I looked at her in astonishment. She smiled at me.

“I understand, dear. I want to help you. After all, I am your stepmother—only don’t call me that, will you?”

“Of course I won’t.”

I wondered what my father would have said if he had known she was in league with me to keep Jamie’s visit to the house a secret.

Jamie came. It was a very happy time. There was a great deal of laughter and I could see that Jamie enjoyed Zillah’s company.

I saw him the next day. It was easier to arrange our meetings now that Zillah knew and clearly wanted to make things easy for us. He told me how kind he thought her and it was wonderful that she was so helpful.

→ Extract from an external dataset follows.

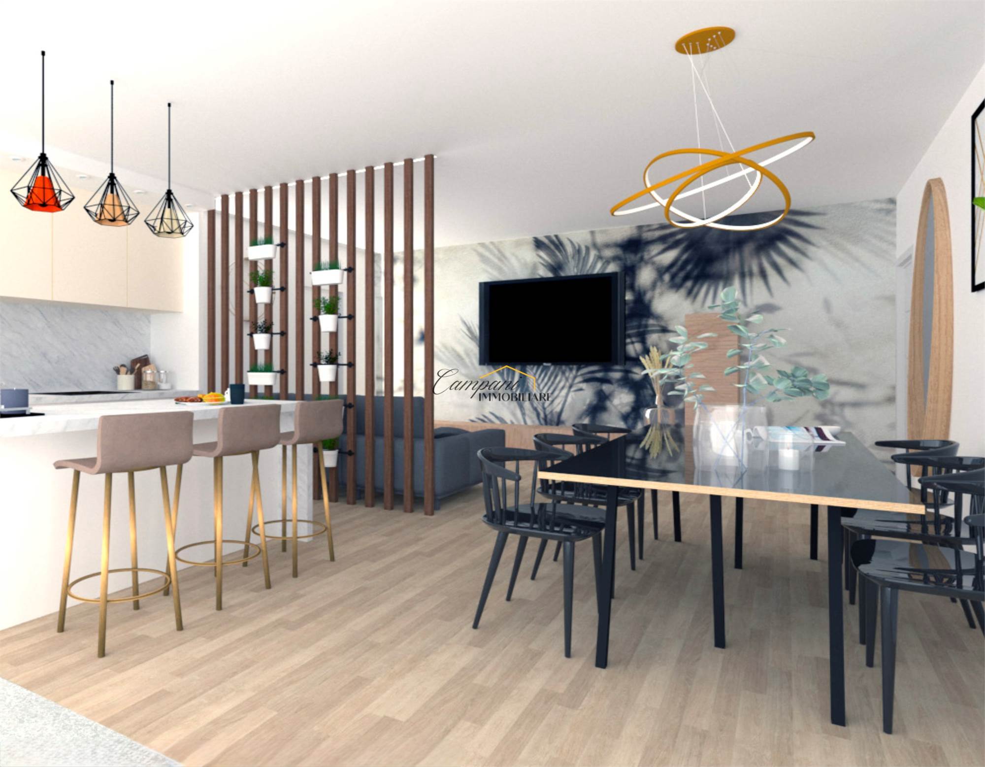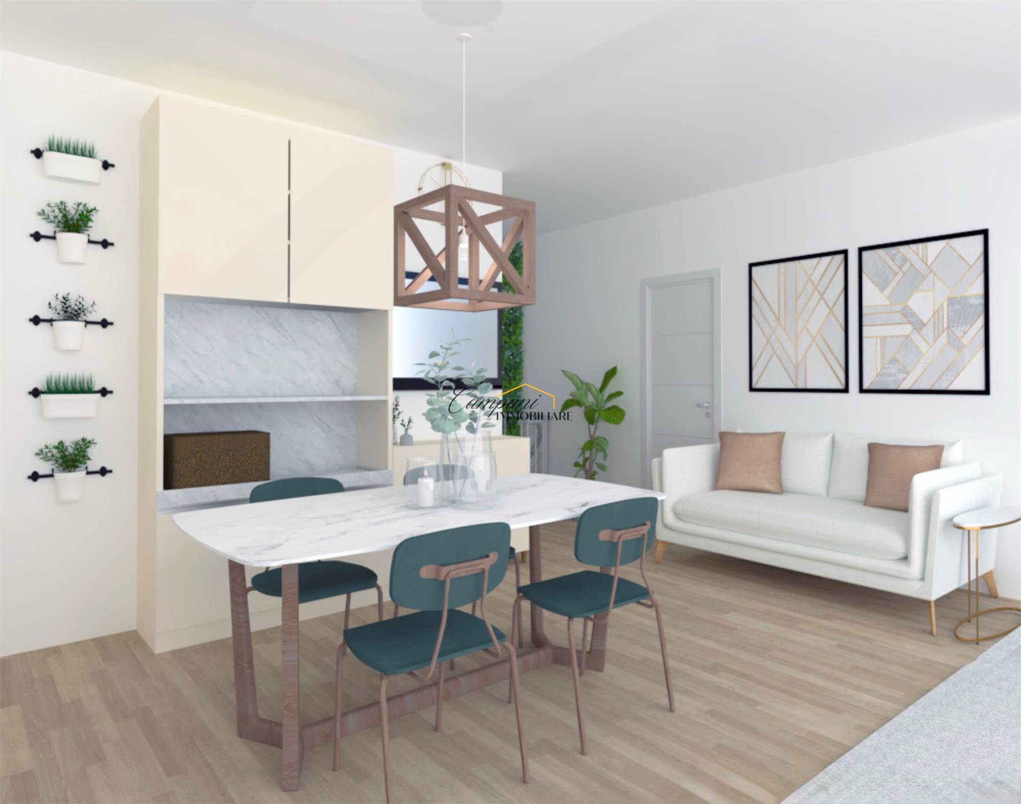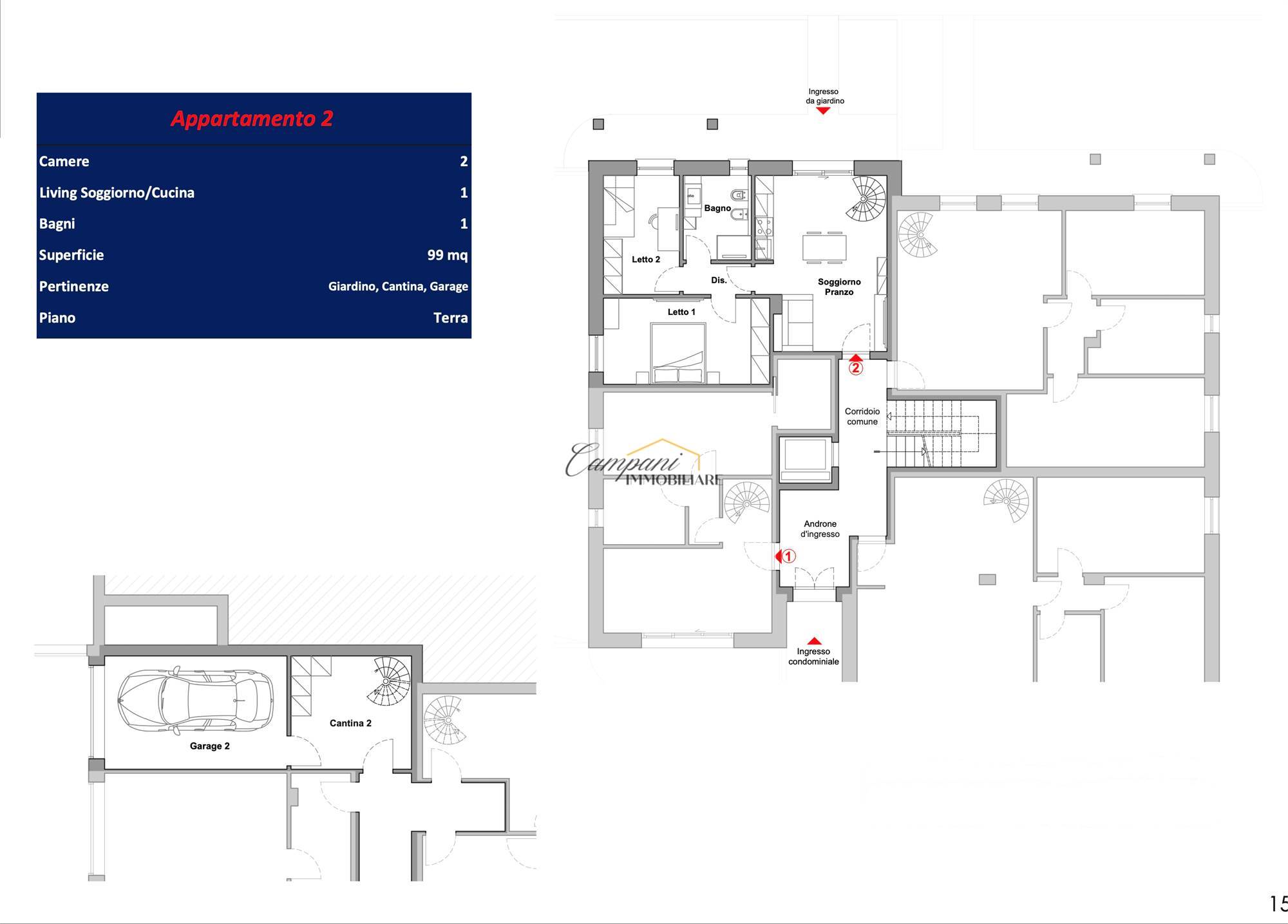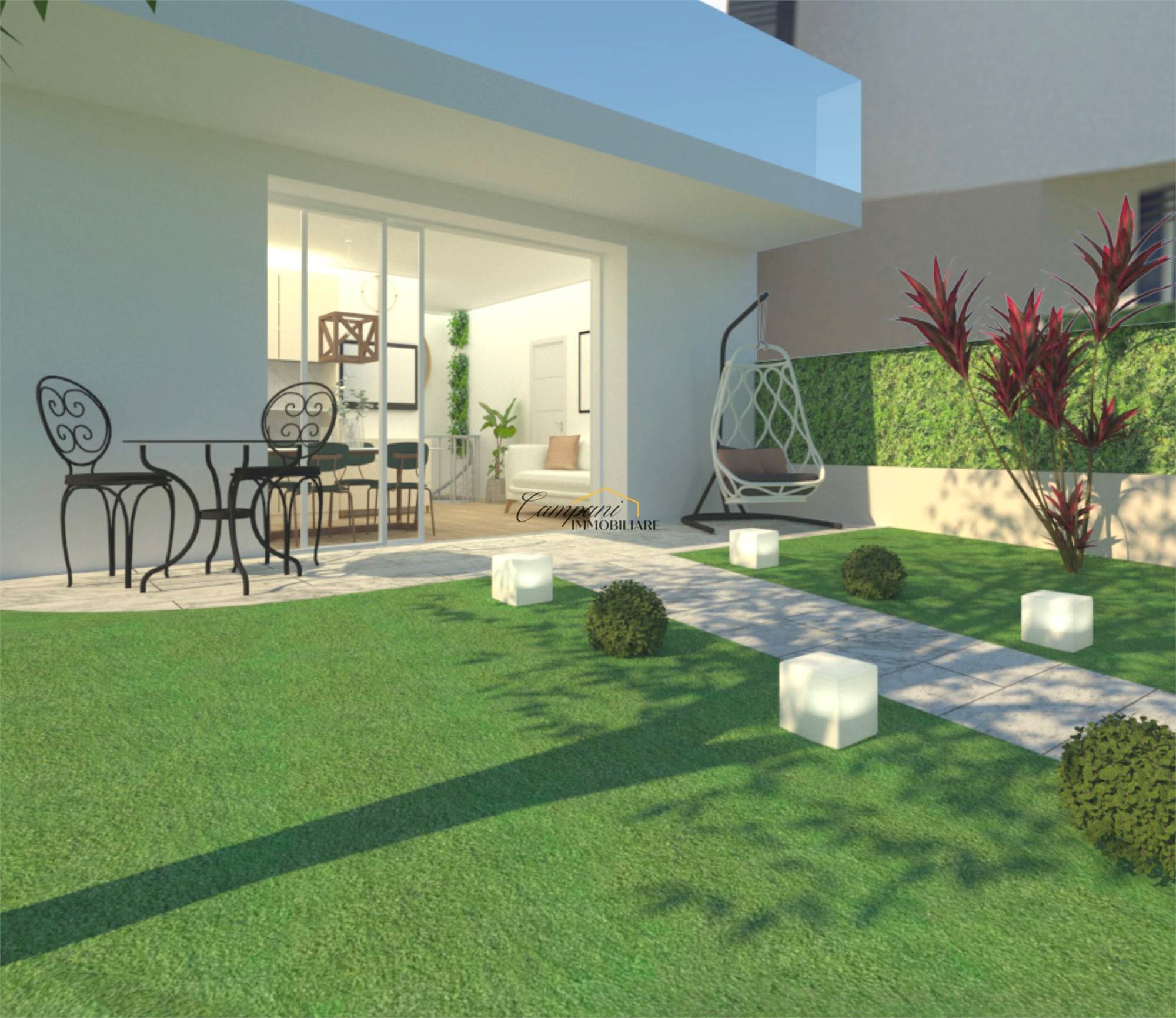 L'immobile, classificato in classe A4 e dotato di tutti i comfort più moderni, è composto da ingresso su soggiorno con cucina open - space, disimpegno, camera matrimoniale, cameretta e bagno. Scendendo dalle scale, interne all'appartamento, si arriva direttamente all'ampia cantina collegata al garage privato. All'esterno troviamo il giardino esclusivo di circa 80 mq con l'ingresso indipendente.

As for Zillah, she said he was a charming young man.

“He dotes on you,” she said. “He’s clever, too. I am sure he is going to pass all those exams and become a judge or something. You are a lucky girl, Davina.”

“My father doesn’t know we’re meeting,” I reminded her. “I don’t think he will approve of Jamie … not for Jamie himself, but because he isn’t rich like … like …”

“Like Alastair McCrae. Now, there is a fine man and, as we used to say, ‘well padded,’ which in the vernacular of the halls, my dear, means that he has a nice little fortune stacked away. I have to admit that your father would approve of him … most heartily.”

I looked at her in horror. “You don’t think … ?”

She lifted her shoulders. “Fond parents will plan for their daughters, you know. Your future is very important to him.”

“Oh, Zillah,” I said. “He mustn’t. Jamie and I …”

“Oh, he has spoken, has he?”

“Well, it’s all very much in the future.”

She nodded gravely and then a smile curved her lips.

“If my father objected,” I said fiercely, “I wouldn’t let that stand in the way.”

“No, of course you wouldn’t. But don’t you worry. It’ll all come right in the end. Don’t forget you’ve got me to help you.”